O presente que temos e o futuro que nos espera – Por que defender o SUS?

Por Isabela Soares Santo e Stephan Sperling*

Existe um pesadelo na vida dos brasileiros: quem tem plano privado de saúde faz de tudo para mantê-lo, e quem não tem, sonha com um. Isto não precisa ser assim. O que as pessoas não perceberam é que quando se aposentarem ou ficarem desempregadas vão perder o plano porque não conseguirão mais pagar a mensalidade. E que quando usam o plano deixam de usar o SUS e, assim, de lutar pelo sistema que irá atendê-las, mais dia ou menos dia, isso se quisermos falar apenas da assistência à saúde, sabendo que o SUS oferta muito mais.

O SUS que temos não é o que foi proposto no modelo de um sistema público. Uma série de medidas e políticas que se contrapõem ao seu sucesso, que passam pelas recomendações de organismos internacionais; disputas sobre qual destinação do orçamento público; até mesmo no campo da gestão e da organização do sistema de saúde encontramos antagonistas.
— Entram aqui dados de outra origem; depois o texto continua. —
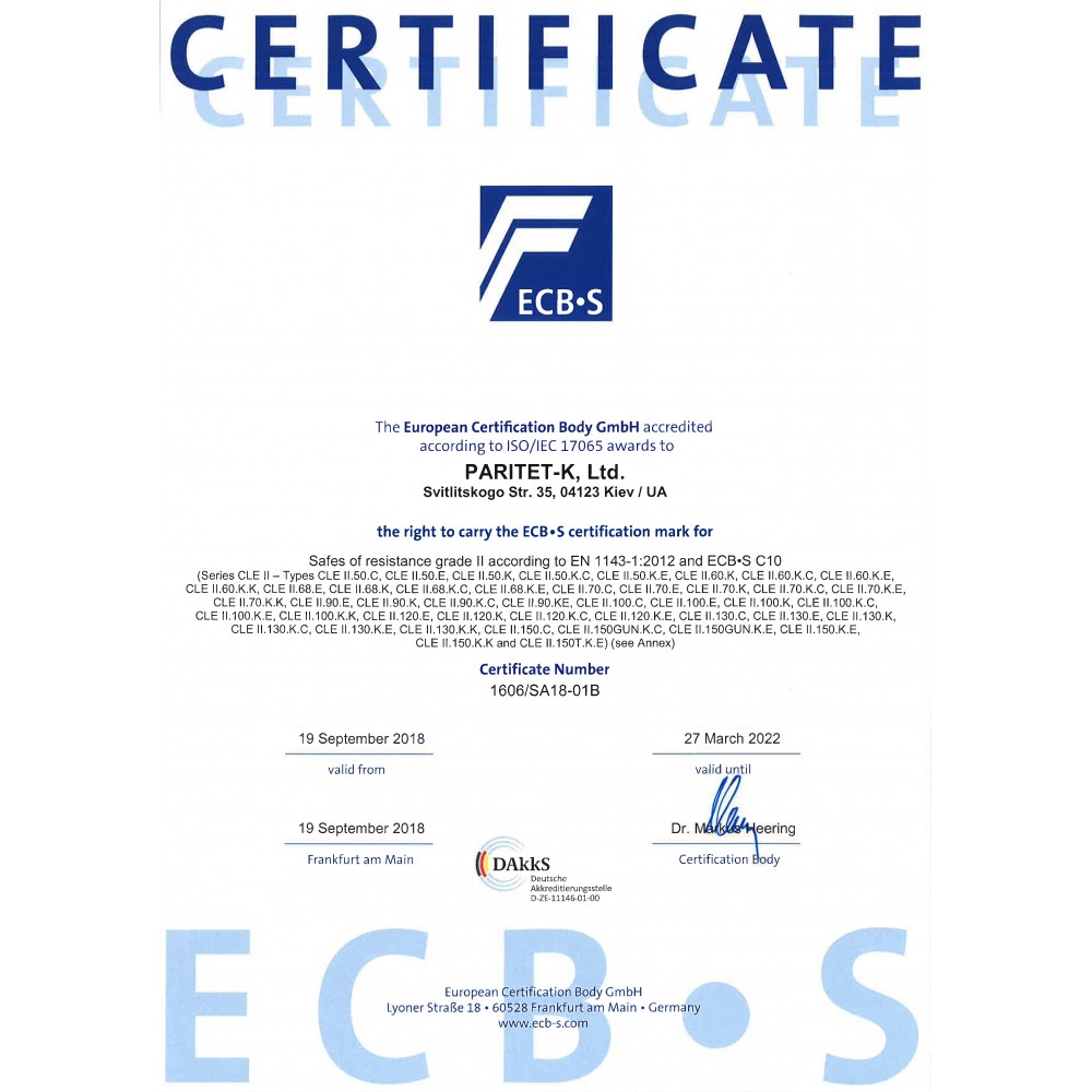 Украинский производитель ПАРИТЕТ-К является одним из лучших и самых прогрессивных в сфере проектирования и изготовления сейфов любой категории. Данная модель GRIFFON CLE.II.120.K.E относится к огневзломостойким. Она способна защищать ценности от взлома (II класс по EN 1143-1) и действия огня (класс LFS 30 P). Это означает, что во время пожара в течение 30 минут температура внутри сейфа не поднимется выше 170°C, чего достаточно для хранения бумажных документов. Довольно не малые габариты потребуют соответствующего места в помещении. Это нужно учитывать. Для надежности крепления внизу сейфа предусмотрены отверстия для анкерных болтов. Это позволит закрепить его к полу.
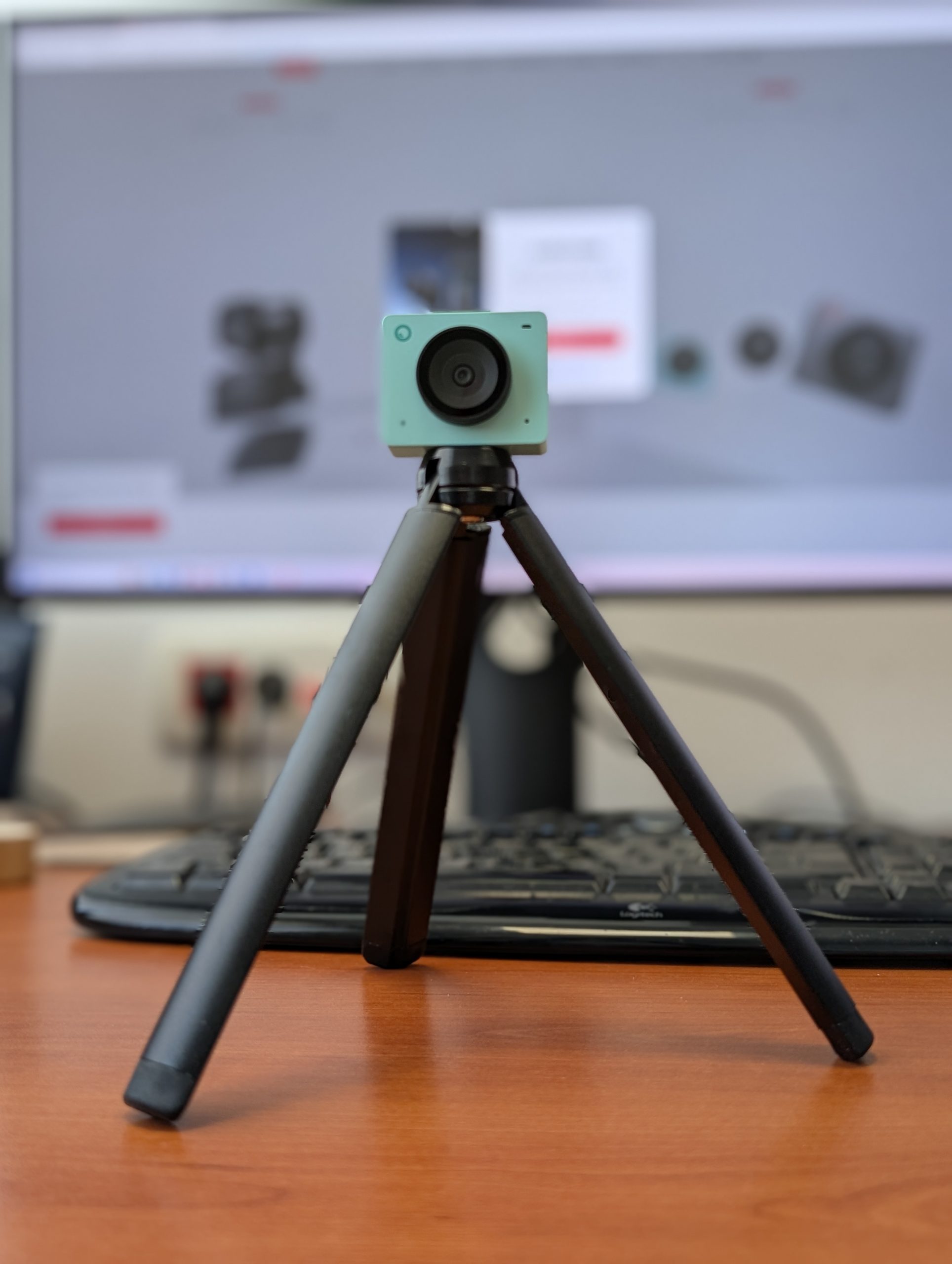 Embalažo spletne kamere Meet SE sem odprl, kamero postavil na vrh zaslona, in ko je sodelavec prišel v pisarno, je rekel le: »Kaj pa imaš to?« Kamera s svojo obliko in turkizno barvo v prostoru kljub svoji majhnosti takoj pritegne pozornost. Gre za kompaktno in minimalistično zasnovano kamero, ki se lepo poda na vsak monitor ali prenosnik. Je majhna in enostavna in jo lahko brez težav vzamemo s seboj na pot – recimo, da jo pospravimo v torbo poleg prenosnika.

E é sobre essa disputa de projeto de sociedade que será preciso a população brasileira se debruçar para que o SUS possa vir a atingir todo o seu potencial de mudança das condições de saúde e de vida dos brasileiros, tal qual se observa nos sistemas públicos europeus.

Há alguns anos o Brasil está numa cada vez mais grave e profunda crise econômica, política, social e de valores/ideias. É nesse contexto que aumenta a pressão para diminuir a importância do que é de interesse público, numa de suas mais fortes traduções: o investimento público na proteção social e em especial na saúde, que vamos tratar aqui mostrando que austeridade não resolve a crise e que há outros caminhos possíveis para uma vida melhor para todos num Brasil mais forte.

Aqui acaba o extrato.